A recent opinion piece in The Guardian ruffled feathers in the industry after it pinned the advertising and marketing industry’s flirtations with and ultimately trivialisations of social justice movements—or more simply wokeness—as helping the far right grow in prominence among consumers. Here, Accenture Song’s Fabio Buresti, explains what purpose actually is and how brands can use it as a tool for growth.
Brand purpose hasn’t failed. It’s been hijacked.
What started as a serious strategic tool for growth, a way to give organisations clarity and creative momentum, has been diluted into a parade of virtue signalling and vague moral posturing. And now, as predictably as the backlash was inevitable, people are calling time on the whole concept.
For the record, purpose is a clear definition of the strategic north star that an organisation delivers on. The thing that informs everything: market position, differentiation, customer experience, internal culture. But like it or not, too many people think purpose is about social activism.

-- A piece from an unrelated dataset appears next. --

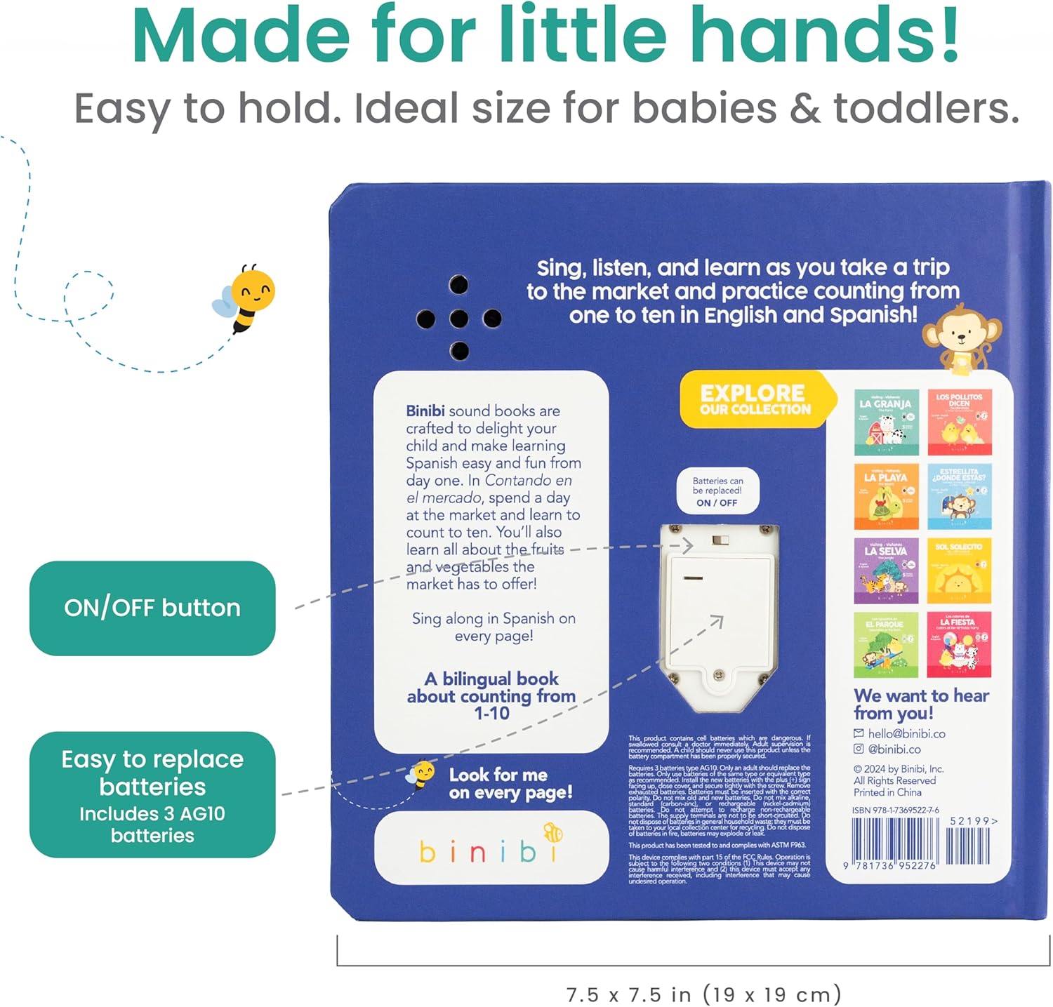 - ๐๐๐ฟ๐ฎ๐ฏ๐น๐ฒ & ๐ ๐ฎ๐ฑ๐ฒ ๐๐ผ๐ฟ ๐๐ถ๐๐๐น๐ฒ ๐๐ฎ๐ป๐ฑ๐. Binibi bilingual English-Spanish books for babies & toddlers 1-3 are durable and feature hard covers, thick pages and rounded corners - they are made for little hands and are easy to clean! All Spanish musical sound books feature an on/off button for extended battery life, and easily replaceable batteries. 3 AG10 batteries in every book.

In The Guardian, Eugene Healey argued that the advertising industry’s flirtation with social good has “ultimately helped the far right”. That by commodifying activism and chasing progressive relevance, brands have disillusioned audiences and eroded trust. It’s a compelling read, and something that’s been on my mind for a long time.
Zoe Scaman makes a similar point in her piece “From Woke-Washing to Influence Architecture”, where she calls out brands for treating social impact like a seasonal trend, rather than building meaningful influence.
But purpose isn’t the villain here. The problem is the chronic misunderstanding of what purpose is. How an industry that is meant to be good with words got here, is beyond me. Marketing professionals sell language, craft narratives and sharpen positioning until it cuts through. And yet, somehow, they’ve managed to take perfectly good words and turned them into a dead weight for growth. Not through malice, but through overuse, and a chronic lack of strategic discipline. Nowhere is this clearer than the mess that’s been made of “purpose”.
Proper purpose isn’t about activism. It’s not a call to change the world. It’s a call to focus on what your brand contributes to the lives of real people, and how that contribution fuels growth. It’s a commercial tool, that reflects moral conviction. Strategy first. Meaningful always. Performative, never.
Michelle Klein, IAG’s Chief Customer and Marketing Officer, and the team at NRMA Insurance are taking the concept of “Help” and operationalising it across the business, from services, to innovation, to customer experiences. Becoming ‘A Help Company’ wasn’t plucked from thin air, it’s grounded in the parent company IAG’s purpose: To make your world a safer place. That’s not emotional fluff. That’s organisational design with commercial consequence: Growth.
IKEA has been purpose-driven since day one, even if they call it their vision: To create a better everyday life for the many people. I remember being at their global conference in Stockholm over a decade ago –it was the very first thing they talked about. Not a campaign line, and not social commentary; their purpose is a business strategy built on democratic design. It guides product development, store experience, pricing, logistics. It’s a purpose built for scale, not sanctimony.
Telstra gets it. Right up top in the annual report, before the numbers, there it is: To build a connected future so everyone can thrive. Not just a line, but a lever. It’s the kind of purpose that sets a high bar and then dares the business to meet it. It demands better networks, smarter tech, and services that don’t just work, they work for people. It’s not about sentiment, it’s about standards. And when you bake that into your operations, not just your comms, that’s when purpose earns its place on the balance sheet.
The issue is not brand purpose. It’s brand performance, purpose used as campaign paint rather than strategic architecture. And yes, when brands wander into social commentary with no right or credibility, they deserve the eyerolls. But the answer isn’t to abandon purpose. It’s to use it properly.
Real purpose isn’t designed to win applause or please keyboard warriors. It’s designed to make businesses coherent, distinctive, and growth ready. It aligns teams, fuels innovation, and unlocks powerful creativity for growth, if you treat it as strategy, not sentiment.
So, let’s stop blaming purpose for sins it didn’t commit. Let’s blame the vague thinking, the marketing-led misinterpretations, and the performative nonsense that buried its true value.
Purpose is one of the most powerful tools in strategy, and it’s time for the c-suite to re-evaluate what it means and take control of it. It’s not a tagline; it’s a growth engine. A clarity machine. A cultural anchor. A creative unlock.
The best leaders won’t just nod to purpose, they’ll drive it, fund it, and build around it. They’ll use it to cut through noise and accelerate everything that matters. The organisations that win, won’t just say they have a purpose, they’ll be the ones leading with it.